Of course, the p-value is also a function of the effect size, eg., the distance between two means and the respective variances. But still, the p-values tends to become significant in the face of larges samples, and non-significant otherwise.
Theoretically, quite simple and well understood. But let’s take the test of “real” data and do a simulation to demonstrate or test this behavior.
First, load some required packages
library(tidyverse)
Simulate data with large sample size
Next, we simulate data: A data frame of 20 cols and many rows (1e06, ie., 1 million). We should also make sure that the null hypothesis is false in our data. To that end, we let the mean values of the columns vary somewhat.
k <- 20
n <- 1e06
df <- data.frame(replicate(k,rnorm(n = n, mean = rnorm(1, 0, 1), sd = 1)))
Now let’s compute t-tests for each and every combination (cartesian product of all combinations). We will save the resulting p-values in a (square) matrix.
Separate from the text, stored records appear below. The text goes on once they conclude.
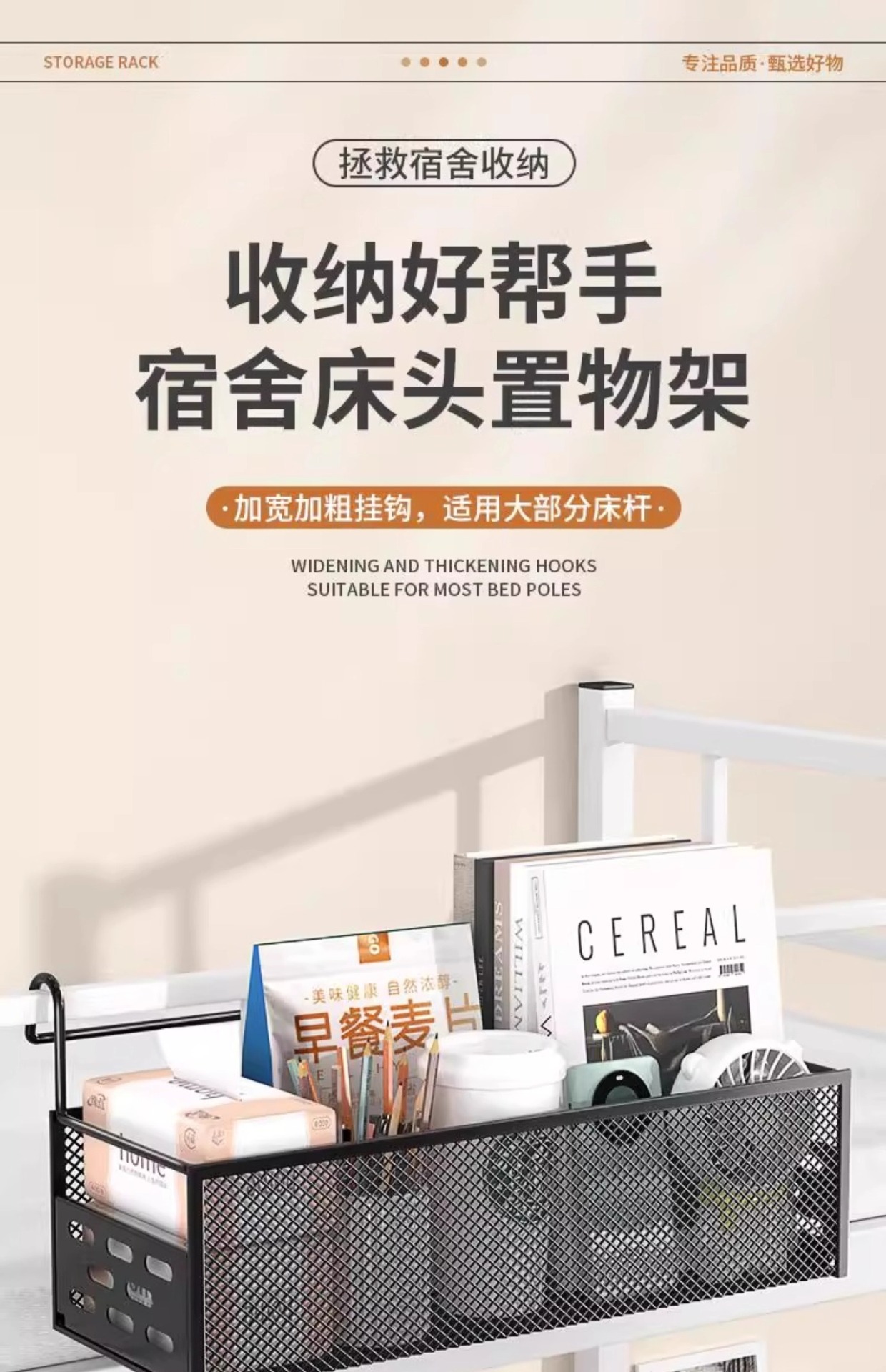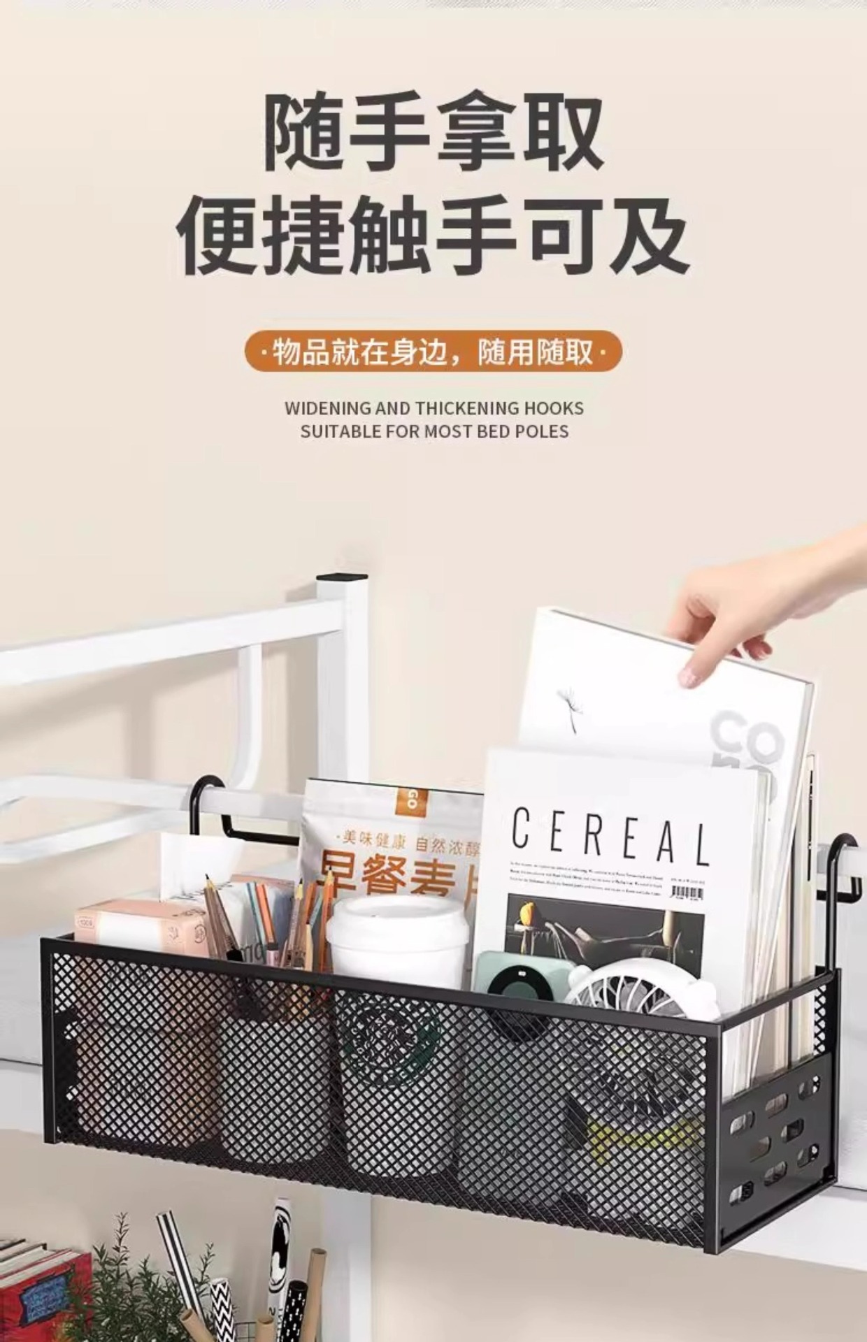 기숙사 침대 옆 교수형 바구니 침대 선반 상단 벙크 교수형 침대 옆 좋은 것 유물 침실 펀치 프리 스토리지 랙
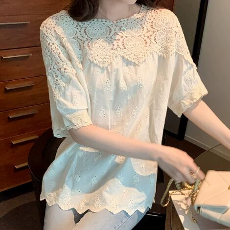 レディース トップス カットソー プルオーバー 半袖 5分袖 ラウンドネック フェミニン レース シフォン フリル 透かし編み かわいい 大人可愛い きれいめ シンプル カジュアル 上品 おしゃれ ガーリー ルーズ エレガント 存在感 ラブリー キュート 清潔感 シック 高級感 フェアリー 芸術的 涼しげ 優しい 花柄 フラワー 春 夏 10代 20代 30代 40代 デート お出かけ 旅行 休日 ショッピング 楽ちん 体型カバー 普段使い 着回し モテ 清楚 S M L XL ゆったり オフホワイト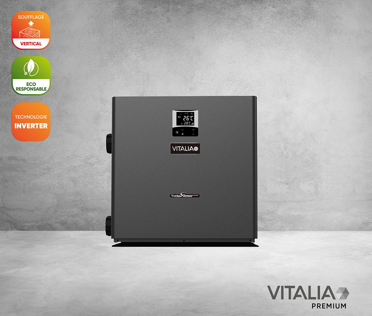 La pompe à chaleur Vitalia Premium a été imaginée pour s’intégrer aux espaces extérieurs plus restreints et une installation à proximité du bassin sans contrainte de dégagement devant l’appareil. Résultat, plus de flux d’air froid soufflé vers le baigneur et des émissions sonores réduites.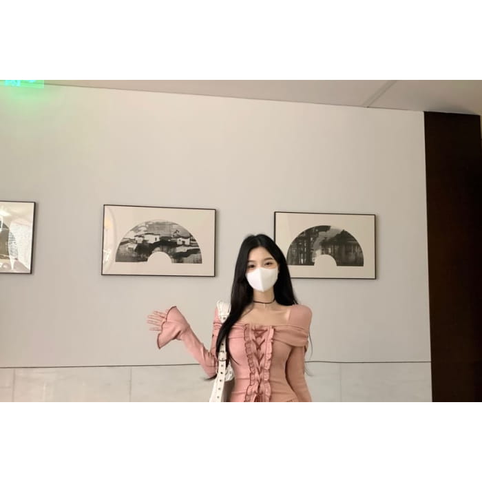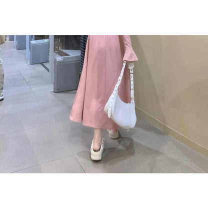 Long Sleeve Square Neck Lace Up Ruffle Mock Two Piece A-Line Dress (Various Designs)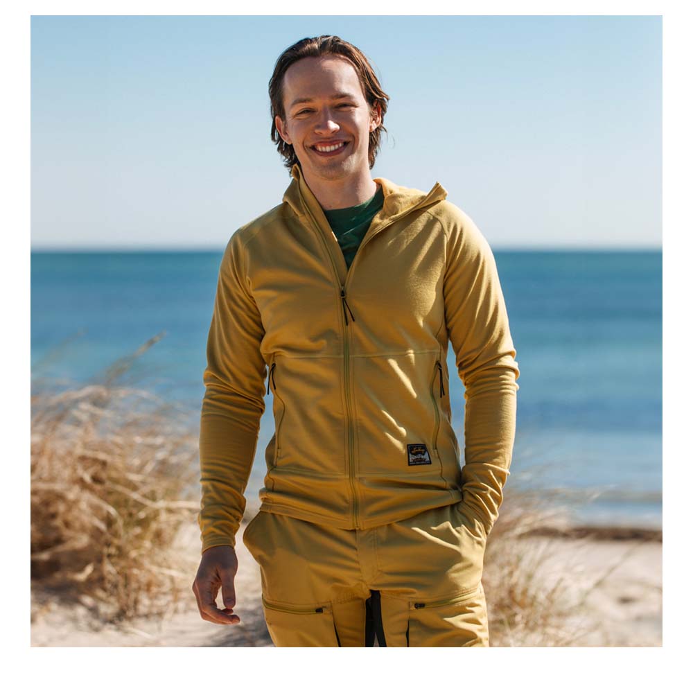 LUNDHAGS Tived Merino Hoodie Men ist ein hochfunktioneller Hoodie, der Sie bei kleinen und großen Abenteuern begleitet. Der Hoodie besteht aus einer technischen Mischung aus Merinowolle und recyceltem Polyester, die eine ausgezeichnete Temperaturregulierung und Geruchsresistenz bietet, während das Polyester die Haltbarkeit des Materials erhöht. Er kommt mit Daumenlöchern für zusätzliche Wärme, einer eng anliegenden Kapuze, die auch unter einem Helm passt, und einer athletischen Passform für optimale Bewegungsfreiheit. Der durchgehende Frontreißverschluss mit einer inneren Leiste schützt das Kinn und sorgt für einen komfortablen Sitz. Ideal als ganzjähriger Begleiter, ist der Tived Merino Hoodie Men sowohl leicht als auch einfach mitzunehmen, sodass er bei sämtlichen Outdoor-Aktivitäten stets eine gute Wahl ist.

m <- matrix(nrow = k, ncol = k)
for (i in seq_len(ncol(df))) {
for (j in seq_len(ncol(df))) {
m[i, j] <- t.test(df[i], df[j])$p.value
}
}
One half of the matrix is redundant, as the matrix is symmetric. The same reasoning applies for the diagonal. Let’s take out the redundant elements.
m[lower.tri(m)] <- NA
m[diag(m)] <- NA
Let’s come up with a logical matrix indicating whether one cell (ie., one t-test) indicates a significant t-test (TRUE
) or not (FALSE
).
m_significant <- apply(m, c(1,2), function(x) x < .05)
Finally, let’s count the number of significant results, and sum then up.
m_significant %>% sum(TRUE, na.rm = TRUE)
## [1] 191
The number of different tests is $$(k*k - k)/2$$.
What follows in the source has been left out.